Furthermore, note that our methodology operates exclusively during the fine-tuning process and is not applicable in the pre-training phase. This limitation arises from the need to individually train the pre-trained large language model. Consequently, even though pre-training demands the most extensive dataset, the proposed method cannot be employed during this crucial phase. Additionally, while this paper successfully reduces the training time, there is a slight performance degradation observed in the NLP tasks. For future work, there is a need for research focused on reducing both the training time and data transmission during the full training of large language models in federated learning. Simultaneously, efforts should be directed towards eliminating performance degradation in NLP tasks through advancements in the adapter mechanism research.
6. Conclusions
In this paper, we addressed the problem of the increased transmission time caused by the pre-trained large language model in federated learning. To overcome this issue, we proposed and experimented with a federated learning approach using adapters, which previously have been suggested as an efficient fine-tuning method. As a result, the transmission time was reduced by about 98% compared to the methodology using the pre-trained large language model without adapters. In addition, the training time was also reduced by 20–40% as the number of parameters to be learned decreased. Nevertheless, the predictive performance was similar. Through this, it was confirmed that time-efficient federated learning is possible without performance degradation when an adapter is used in federated learning using a large language model, such as [
7]. Also, the proposed methodology showed lower transmission sizes than traditional federated learning without a large language model. In addition, because the proposed methodology uses a large language model, it showed a higher predictive performance than traditional federated learning. Through this, it was confirmed that the proposed methodology can induce performance improvements with the same or lower transmission amount as traditional federated learning.

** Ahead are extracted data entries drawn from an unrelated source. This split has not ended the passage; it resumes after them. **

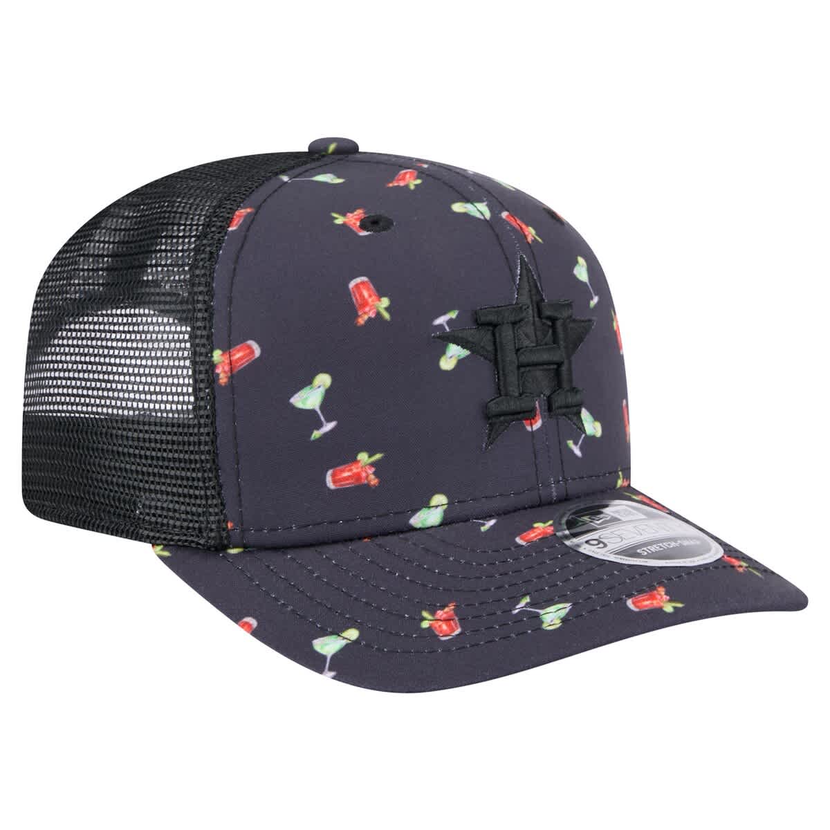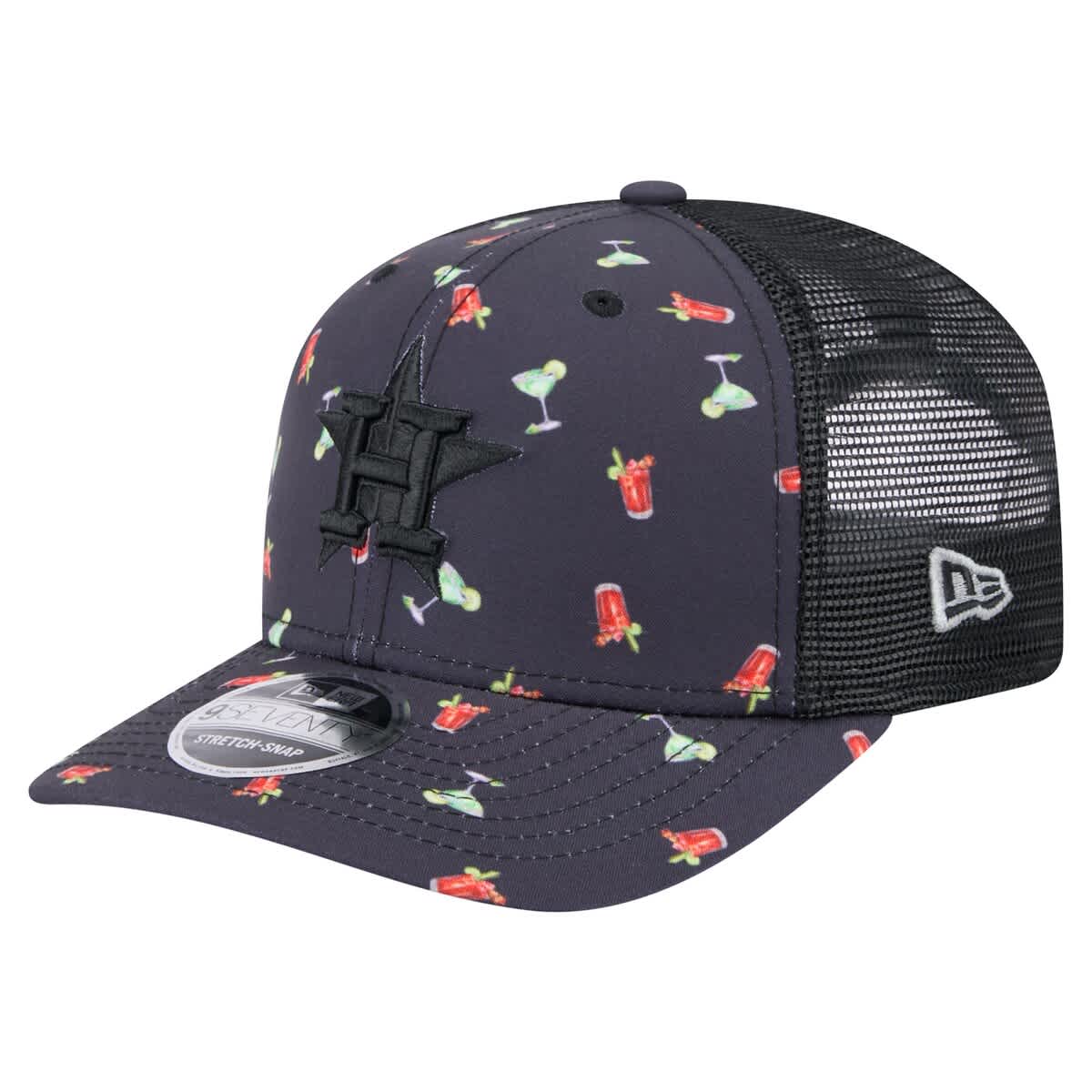 New Era Mens New Era Black Houston Astros Adventure Drinks Pattern 9SEVENTY Stretch-Snap Hat_Navy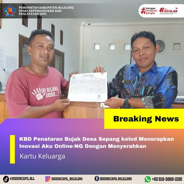 Pemerintah Kabupaten Buleleng melalui Dinas Kependudukan dan Pecatatan Sipil (Disdukcapil) Kabupaten Buleleng memaksimalkan serta mempermudah pelayanan kependudukan masyarakat dengan beberapa inovasi, melalui aplikasi AKU Online. Dimana dalam penerapan aplikasi Aku Online tersebut masyarakat tidak perlu lagi datang ke Dinas Dukcapil untuk melakukan pelayanan langsung cukup dengan datang ke Desa nanti akan dibantu oleh operator Desa masing-masing. Di Desa Sepang Kelod Kecamatan Busungbiu telah diserahkan dokumen kependudukan berupa Kartu Keluarga yang diserahkan oleh Kelian Banjar Dinas Penataran Bujak Desa Sepang Kelod Kecamatan Busungbiu, Selasa (9/12).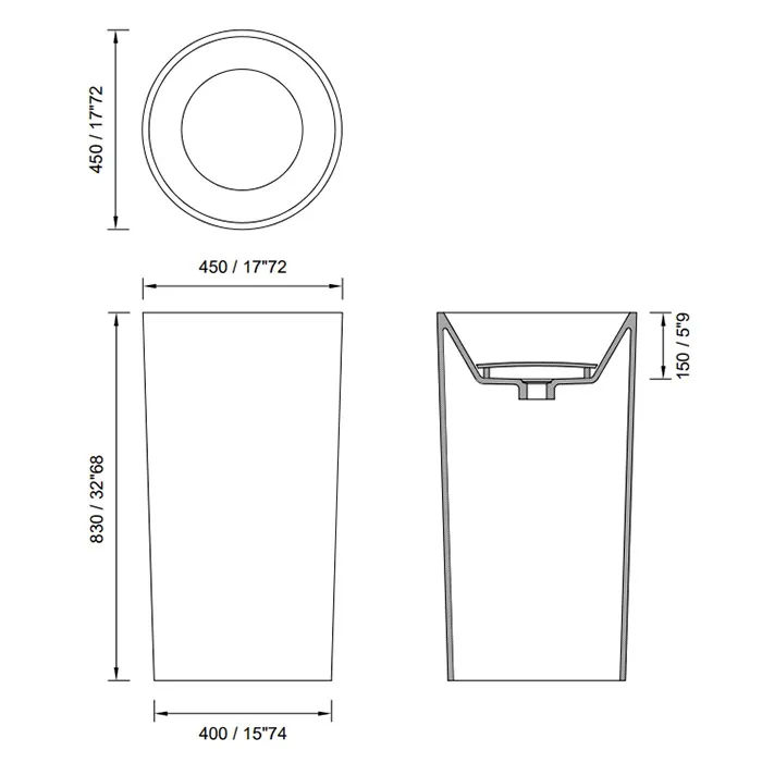Раковина Moma Diamond Tower 450 отдельностоящая, слив в пол, с донным клапаном, белый матовый DMN0505.MWS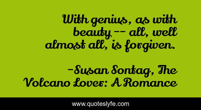 This page presents the quote "With genius, as with beauty -- all, well almost all, is forgiven.". Author of this quote is Susan Sontag, The Volcano Lover: A Romance. This quote is about beauty, genius, leniency, society, social-norms, forgiveness, exemptions, generosity,.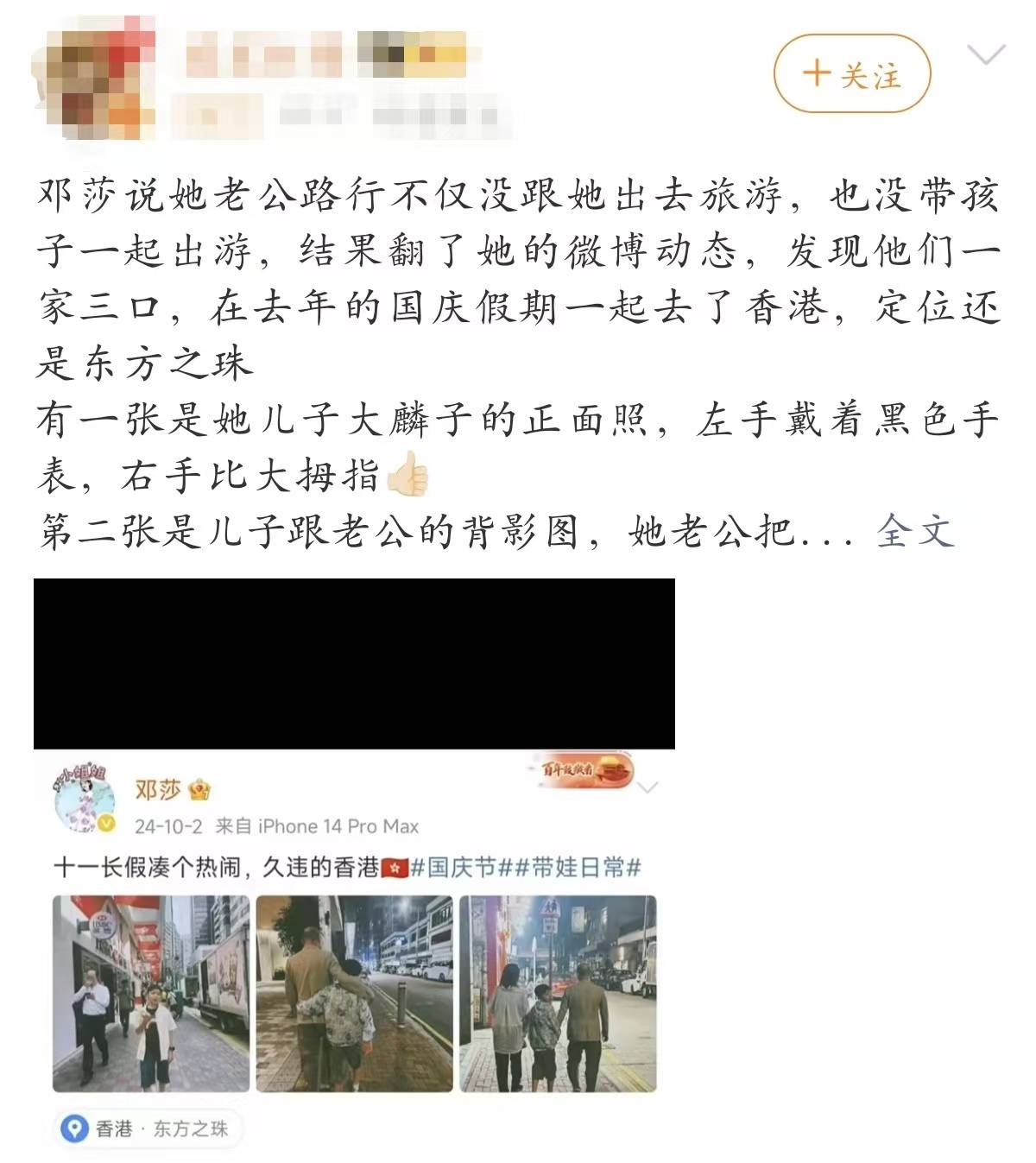 有人翻出她去年国庆晒的照片,一家三口去香港旅游,画面里路行一手搂着儿子,父子俩笑得亲密无间。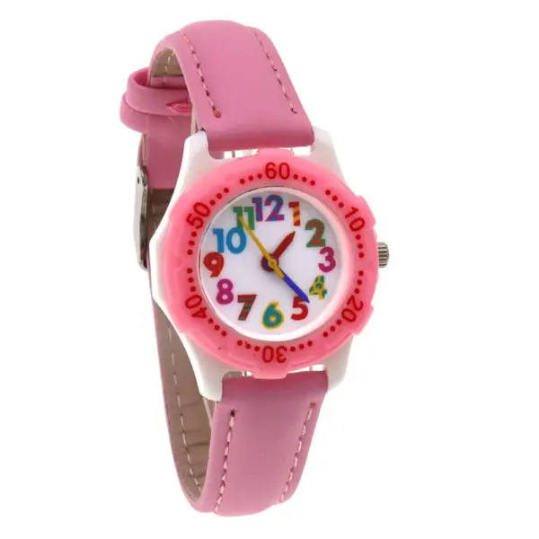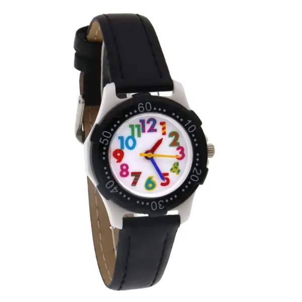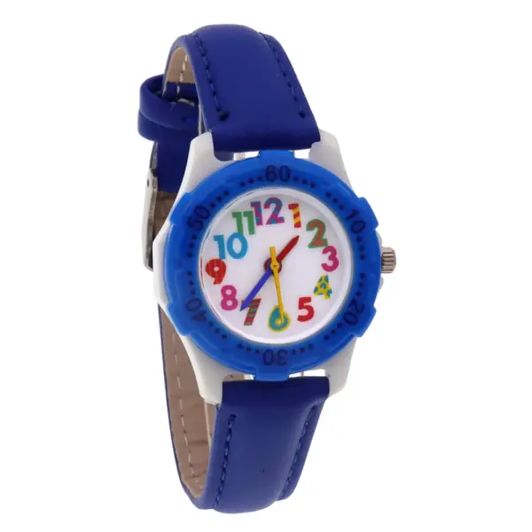 Cute Boys Girls Quartz Watch Kids Children’s Leather Strap Student Time Clock Wristwatch Colorful Number Dial birthday Gifts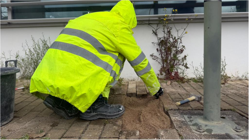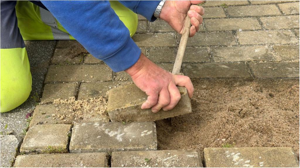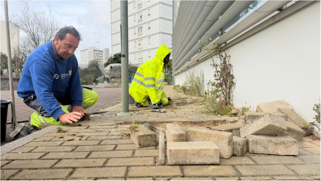 Hoje destacamos os trabalhos de recuperação e manutenção do pavê (pavimento do passeio) no exterior da Piscina do Oriente.

The significance of our proposed method lies in its ability to improve the transmission efficiency of federated learning. Therefore, it enables the use of a large language model, such as ChatGPT, powered by the GPT-3 model, in real-world federated learning environments. While large language models, such as ChatGPT, have shown impressive performances, it is practically challenging to use GPT-3 in an actual federated learning environment. This is mainly due to the substantial time and transmission costs incurred by clients with limited computational resources when learning and transmitting the large GPT-3 model. In contrast, the proposed methodology offers an attractive solution to significantly reduce the transmission costs. Furthermore, our experiments showed that the training time was partially mitigated. In summary, our proposal stands as a key enabler, facilitating the use of large models in a real-world federated learning environment.